Source data Start Marker
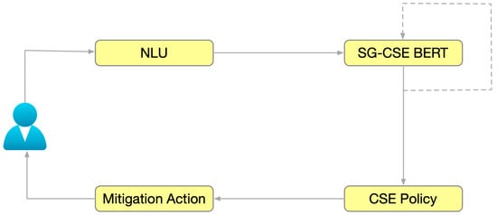 In this work, we implement the SG-CSE BERT unit, which detects information leakage and deception attempts. The information concerns SME, Information Technology (IT), and personal details, while in our context, we define deception as the attempt of a malicious user to persuade a user to use an IT resource. We follow the schema-guided paradigm utilizing Das and dialogue history. The steps toward SG-CSE BERT implementation are the following (Figure 2):
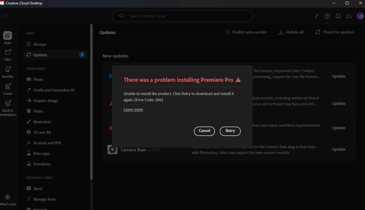 Hi. I'm facing same error but for premier pro. I cant install premier and i also cant update the softwares neither i update the creative cloud.
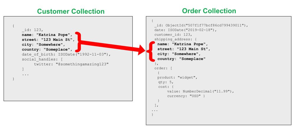 扩展引用模式认为,客户的名称和地址是不常做更新的,可以直接将这些信息冗余进订单表中,以达到减少两个集合连接查询的要求。
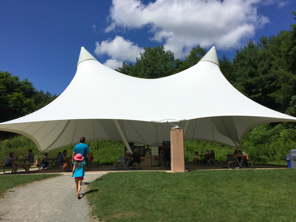 There is a pavilion with a summer cafe where you can purchase food, drinks, and frozen treats. This is a great place to take a break and refuel when the kids get hungry.
Source data End Marker
Task goal: Every line in the data above needs to be given again exactly, pictures aside.

Output below:
 In this work, we implement the SG-CSE BERT unit, which detects information leakage and deception attempts. The information concerns SME, Information Technology (IT), and personal details, while in our context, we define deception as the attempt of a malicious user to persuade a user to use an IT resource. We follow the schema-guided paradigm utilizing Das and dialogue history. The steps toward SG-CSE BERT implementation are the following (Figure 2):
 Hi. I'm facing same error but for premier pro. I cant install premier and i also cant update the softwares neither i update the creative cloud.
 扩展引用模式认为,客户的名称和地址是不常做更新的,可以直接将这些信息冗余进订单表中,以达到减少两个集合连接查询的要求。
 There is a pavilion with a summer cafe where you can purchase food, drinks, and frozen treats. This is a great place to take a break and refuel when the kids get hungry.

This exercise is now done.